生意気な彼は御曹司!?
それだけ言うと、斉藤くんはすぐに通話を切る。そして私の腕を掴んだまま、駅前広場を横切り始めた。
今日の斉藤くんは威厳に満ち溢れているような気がする。普段とは少し印象が違う彼に戸惑っていると、目の前に一台の車が滑り込んできた。

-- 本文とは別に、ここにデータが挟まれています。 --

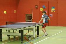 Il commence bien contre Nicole DELABORDE et la gène énormément avec ses démarrages en rotation, il l’emporte en 3 manches.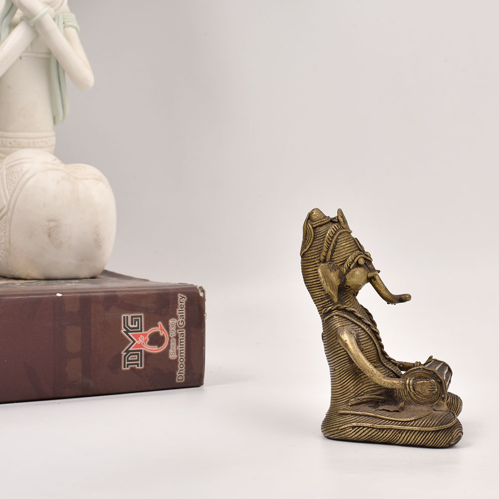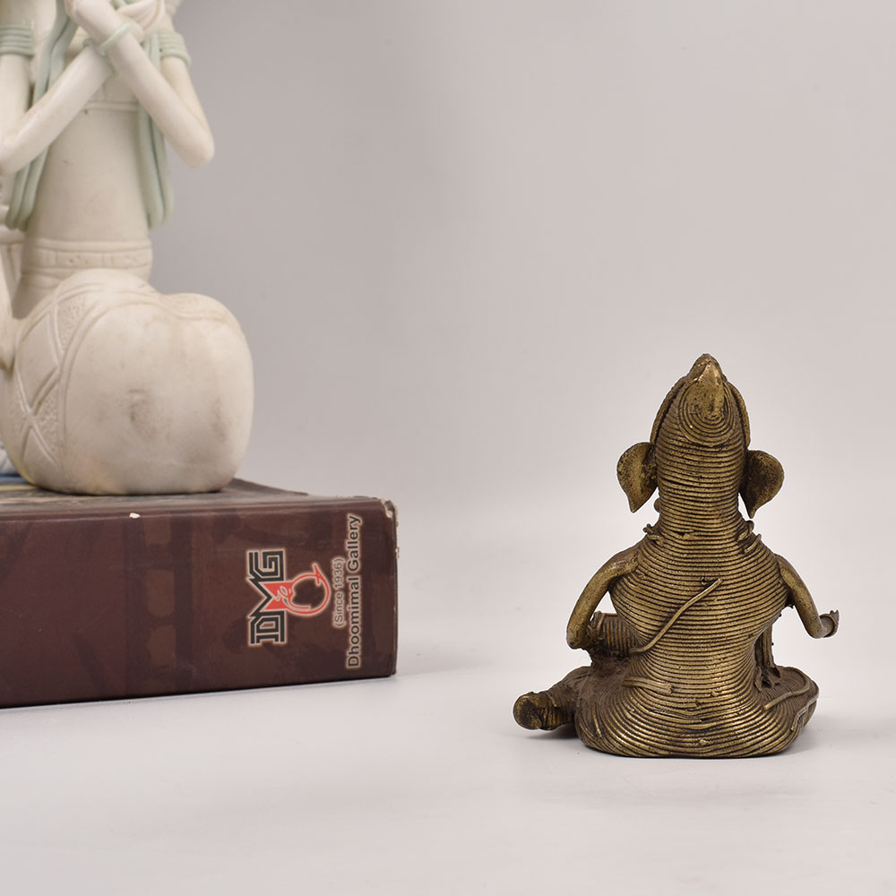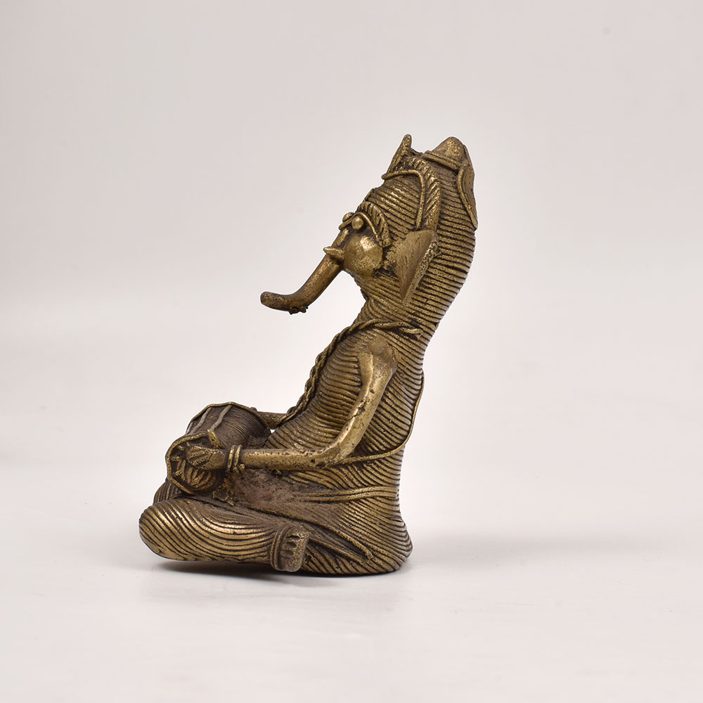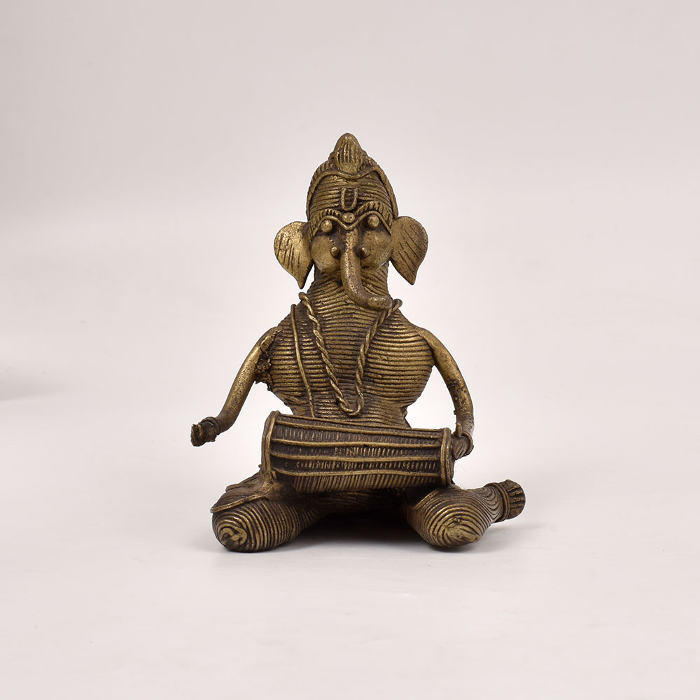 This magnificent brass statue of Lord Ganesha is a truly special piece that will imbue your home with a sense of timeless elegance and spiritual energy. Crafted by skilled artisans in the Tribal Art region of Odisha, India, it showcases Ganesha in a dynamic pose, playing a traditional drum instrument that symbolizes the rhythm of life. The level of intricate detail in the statue is simply breathtaking, from the ornate patterns adorning Ganesha's body to the realistic textures of the drum. With its substantial size and heft, this brass Ganesha statue commands attention as a captivating centerpiece or accent piece. Display it prominently to cultivate an atmosphere of wisdom, prosperity, and spiritual enlightenment in your home or office. Whether you're a collector of fine Indian art, a devotee of Lord Ganesha, or simply someone who appreciates beautiful, high-quality home decor, this brass Ganesha statue is a must-have piece that will be treasured for generations.

車に詳しくない私でも、ダックスフントのように車体が長い高級車のことは知っている。
これって、リムジンだよね?
突然、目の前に停まったリムジンに驚いていると運転席のドアが開く。そして中から黒いスーツ姿の男性が出てくると、後部座席のドアを開けて頭を下げた。
いったい、何なの?
不安げに斉藤くんを見つめると、掴まれていた腕が離される。
「先輩。さあ、中へどうぞ」
「……!?」
斉藤くんは驚きで声も出せない私の指先を優雅に取ると、スマートにエスコートしてくれる。勧められるがまま車内に足を踏み入れた私は、シートに腰を下ろした。
黒の革張りのシートの隅に遠慮がちに座っただけなのに、身体が沈み込みそうになる。その座り心地の良さにビックリしていると、斉藤くんがスマートフォンで会話をしながらリムジンに乗り込んできた。
「今から三十分後に到着するんで、よろしくお願いします」
斉藤くんが通話を終わらせて向かいのシートに腰を下ろすと、後部座席のドアが静かに閉まる。そしてしばらくすると、エンジン音も振動も感じることなく、私たちを乗せたリムジンは駅前広場から走り出した。